DIRECTIONS
Directions for the data below: repeat exactly the lines from the one with "W ramach Ogólnopolskiego" through the one with "新稍梢尖颜色为紫红色带黄绿色", both included, and omit all pictures.

DATA LISTING
━━━━━━━━━━

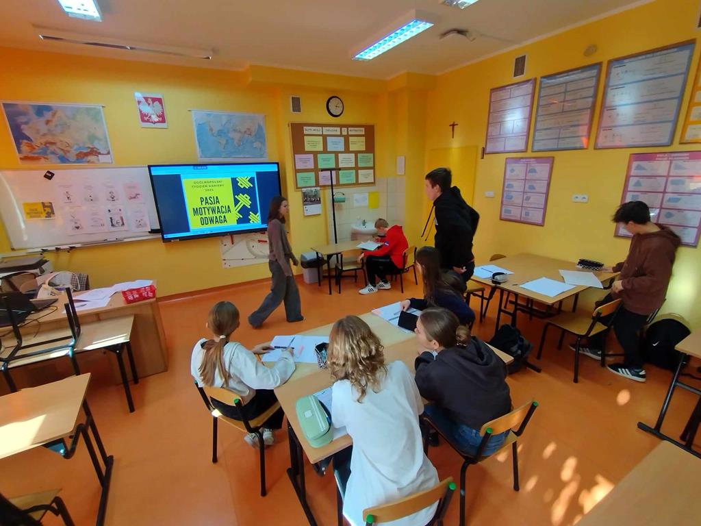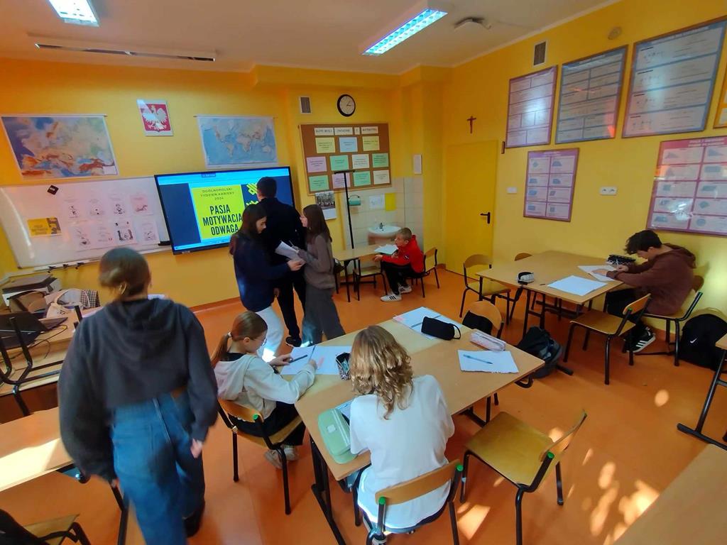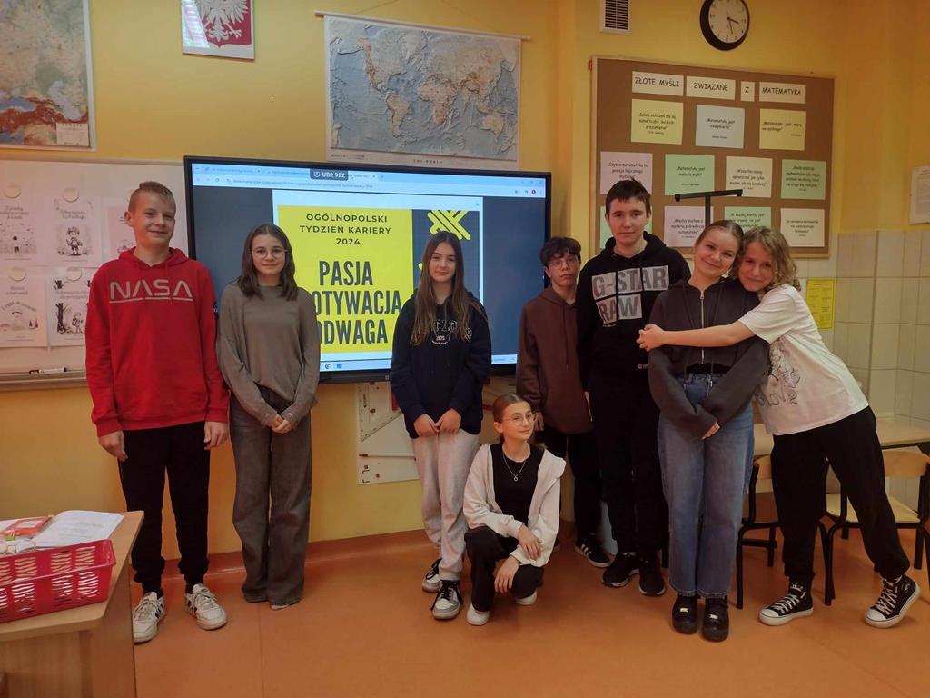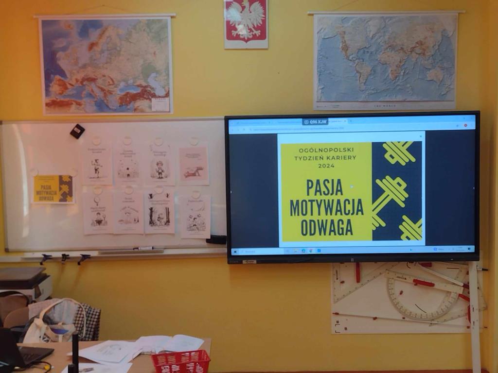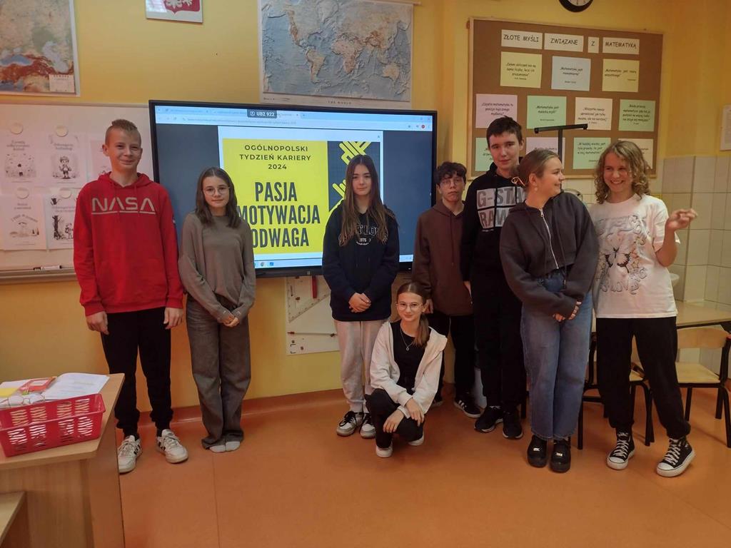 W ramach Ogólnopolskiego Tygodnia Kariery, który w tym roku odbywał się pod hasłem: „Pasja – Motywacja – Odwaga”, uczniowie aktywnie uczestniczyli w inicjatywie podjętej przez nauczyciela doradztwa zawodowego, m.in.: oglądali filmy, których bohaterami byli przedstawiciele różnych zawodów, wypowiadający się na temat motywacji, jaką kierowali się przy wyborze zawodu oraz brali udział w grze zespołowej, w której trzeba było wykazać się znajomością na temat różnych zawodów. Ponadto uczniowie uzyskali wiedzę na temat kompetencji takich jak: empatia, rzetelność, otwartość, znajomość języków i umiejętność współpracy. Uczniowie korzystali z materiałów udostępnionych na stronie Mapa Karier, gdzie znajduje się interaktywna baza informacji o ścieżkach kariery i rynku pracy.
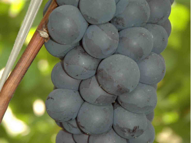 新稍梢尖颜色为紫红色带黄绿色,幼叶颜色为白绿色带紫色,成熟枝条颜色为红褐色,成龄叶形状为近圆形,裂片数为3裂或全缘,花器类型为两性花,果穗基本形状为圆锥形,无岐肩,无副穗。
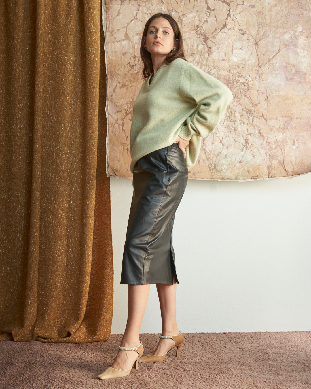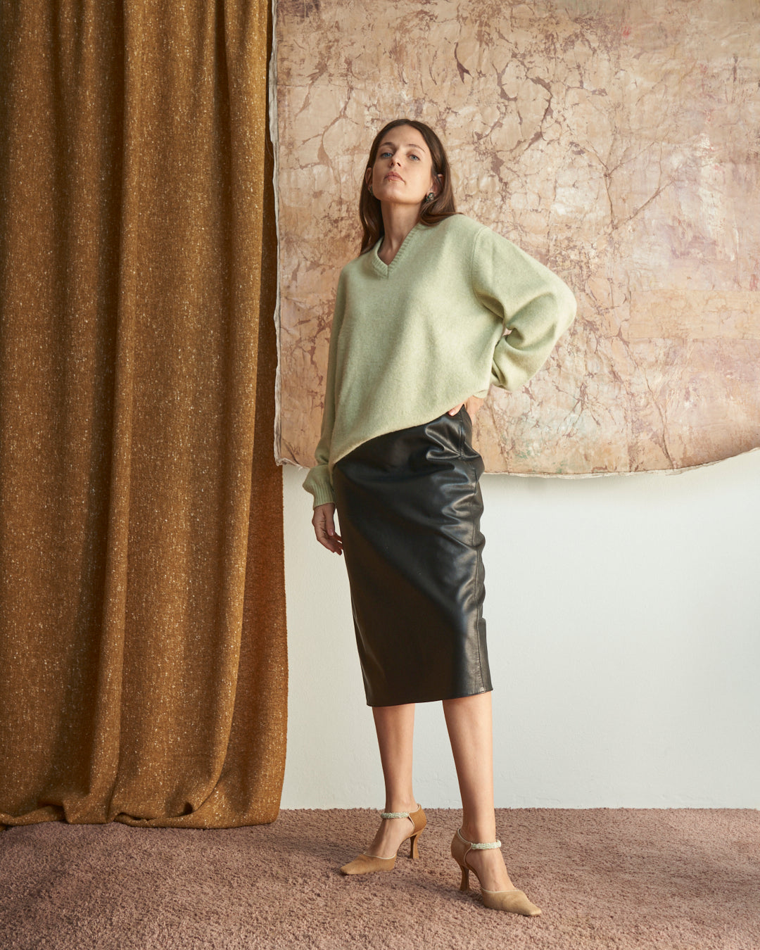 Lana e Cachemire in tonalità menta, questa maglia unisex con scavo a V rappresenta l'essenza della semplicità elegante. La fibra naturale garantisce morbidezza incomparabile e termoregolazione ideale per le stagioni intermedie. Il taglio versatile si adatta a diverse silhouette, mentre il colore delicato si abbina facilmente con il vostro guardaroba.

━━━━━━━━━━

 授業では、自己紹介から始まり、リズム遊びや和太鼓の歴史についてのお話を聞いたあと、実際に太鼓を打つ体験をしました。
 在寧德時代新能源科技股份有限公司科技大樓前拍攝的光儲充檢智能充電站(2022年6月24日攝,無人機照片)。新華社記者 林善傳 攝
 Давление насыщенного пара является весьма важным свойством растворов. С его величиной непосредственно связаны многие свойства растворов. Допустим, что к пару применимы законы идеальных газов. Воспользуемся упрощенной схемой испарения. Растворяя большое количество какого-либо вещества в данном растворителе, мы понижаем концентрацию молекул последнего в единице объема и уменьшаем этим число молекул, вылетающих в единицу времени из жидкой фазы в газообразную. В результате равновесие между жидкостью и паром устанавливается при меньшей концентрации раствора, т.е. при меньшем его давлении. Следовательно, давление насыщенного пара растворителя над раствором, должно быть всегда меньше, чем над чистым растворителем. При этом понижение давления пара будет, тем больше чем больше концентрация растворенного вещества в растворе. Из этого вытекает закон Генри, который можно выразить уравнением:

━━━━━━━━━━

TASK SOLUTION
 W ramach Ogólnopolskiego Tygodnia Kariery, który w tym roku odbywał się pod hasłem: „Pasja – Motywacja – Odwaga”, uczniowie aktywnie uczestniczyli w inicjatywie podjętej przez nauczyciela doradztwa zawodowego, m.in.: oglądali filmy, których bohaterami byli przedstawiciele różnych zawodów, wypowiadający się na temat motywacji, jaką kierowali się przy wyborze zawodu oraz brali udział w grze zespołowej, w której trzeba było wykazać się znajomością na temat różnych zawodów. Ponadto uczniowie uzyskali wiedzę na temat kompetencji takich jak: empatia, rzetelność, otwartość, znajomość języków i umiejętność współpracy. Uczniowie korzystali z materiałów udostępnionych na stronie Mapa Karier, gdzie znajduje się interaktywna baza informacji o ścieżkach kariery i rynku pracy.
 新稍梢尖颜色为紫红色带黄绿色,幼叶颜色为白绿色带紫色,成熟枝条颜色为红褐色,成龄叶形状为近圆形,裂片数为3裂或全缘,花器类型为两性花,果穗基本形状为圆锥形,无岐肩,无副穗。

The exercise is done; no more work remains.